Antifa-Faschisten, Linke und Grüne blockieren Frauendemo in Berlin

Weitgehend unbeachtete Machtergreifung?

antifa_berlin
Antifa-Faschisten

Die Demo gegen Frauenverachtung und Frauengewalt durch eingewanderte Schutzsuchende ist wohl eine rechte Veranstaltung. Aufgerufen hat eine Deutsch-Kurdin, die AfD-Mitglied ist. Mehr als tausend Teilnehmer trauten sich trotz der Pöbeleien durch Grüne, Sozialisten und Antifa-Faschisten zu kommen. Der U-Bahnhof am Startpunkt war geperrt, die Züge fuhren durch. Weil die Gegendemonstranten auf dem Bahnsteig Putz machen würden, wie ein Polizist sagte.

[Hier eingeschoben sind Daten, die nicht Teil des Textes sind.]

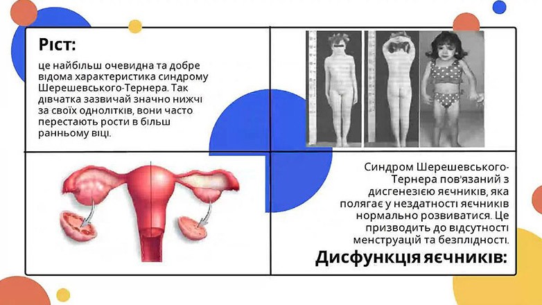 Shereshevsky-Turner syndrome (also known as 45 X or 45 X0) is a genetic abnormality in which a woman partially or completely lacks an X chromosome. This syndrome occurs in one to 2,000 and one in 5,000 women at birth. All world regions and cultures suffer equally. Generally, people with this condition have a shorter life expectancy, mainly due to heart problems and diabetes. In recent decades, the number of patients has grown faster than in the previous years of the 20th century, so it is very important to conduct educational activities among students in order to broaden their horizons.
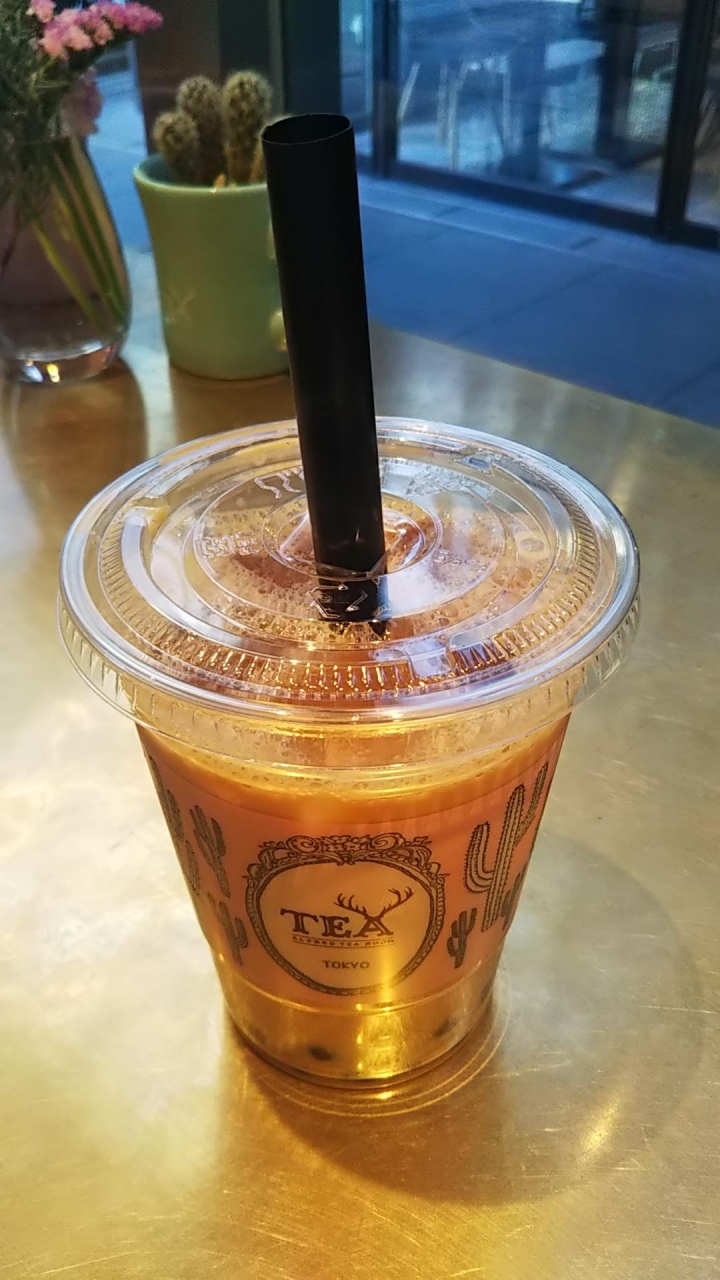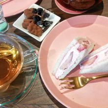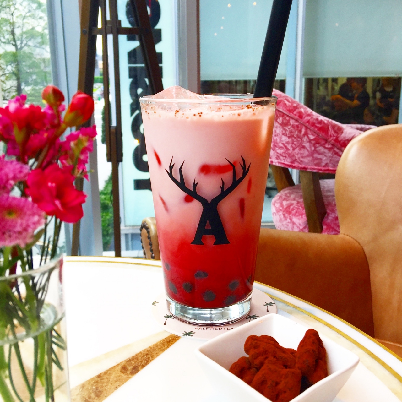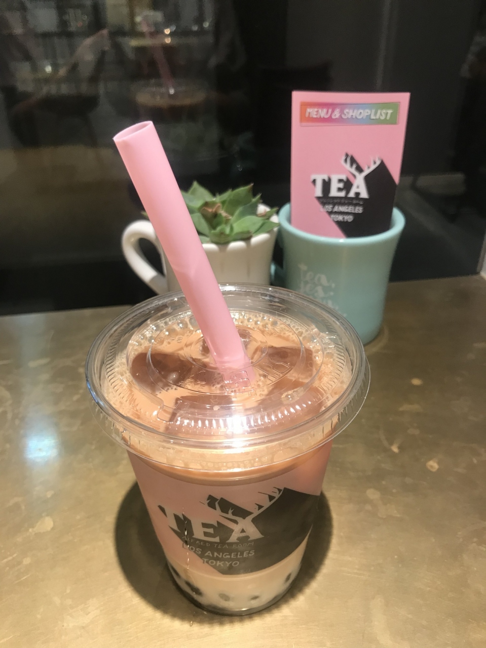 ロサンゼルス発、テーマカラーはピンク色のティールームです。1階は流行のタピオカミルクティーなどのテイクアウト専用カウンタ... 続きを読むー、2階がティールームになっていて、正統派のお茶は2階でしか注文できません。お店オリジナルのフレーバーティメニューからハワイアンベリーとマスカットティーを注文しました。ハワイアンベリーは、苺とマンゴー、ライチをミックスしたフレーバーで、ティーポットもアメリカンサイズなのか、飲んでも飲んでもなくならないほどのたっぷりとした量で提供されました。ドリンクには、ピーカンナッツチョコと枝付きのカリフォルニアレーズンが付いてきます。

Die Demo kam nicht beim behördlich genehmigten Ziel, dem Kanzleramt, an, weil eine Antifa-Horde den Weg blockierte. Antifaschist Ströbele lässt sich triumphierend fotografieren.

Die Berliner Polizei sah sich außerstande, das Demonstrationsrecht angesichts des aggressiven grünlinken Mobs zu gewährleisten. Immerhin rieten sie Demonstrationsteilnehmern, vorsichtig zu sein. Zwischen Gegendemonstranten und Polizei kam es zu „Rangeleien“. Der linke Berliner Tagesspiegel nennt es so und berichtet, dass Polizisten nach den „Rangeleien“ verletzt ins Krankenhaus mussten. Lapidar meldet das Leitmedium: „Frauenmarsch“ der AfD blockiert. Kein Wort darüber, dass der Staat darauf verzichtet, das Demonstrationsrecht durchzusetzen. Kein Wort darüber, dass der Staat auf sein Gewaltmonopol verzichtet.

Über die „Rangeleien“ erfährt man hier mehr.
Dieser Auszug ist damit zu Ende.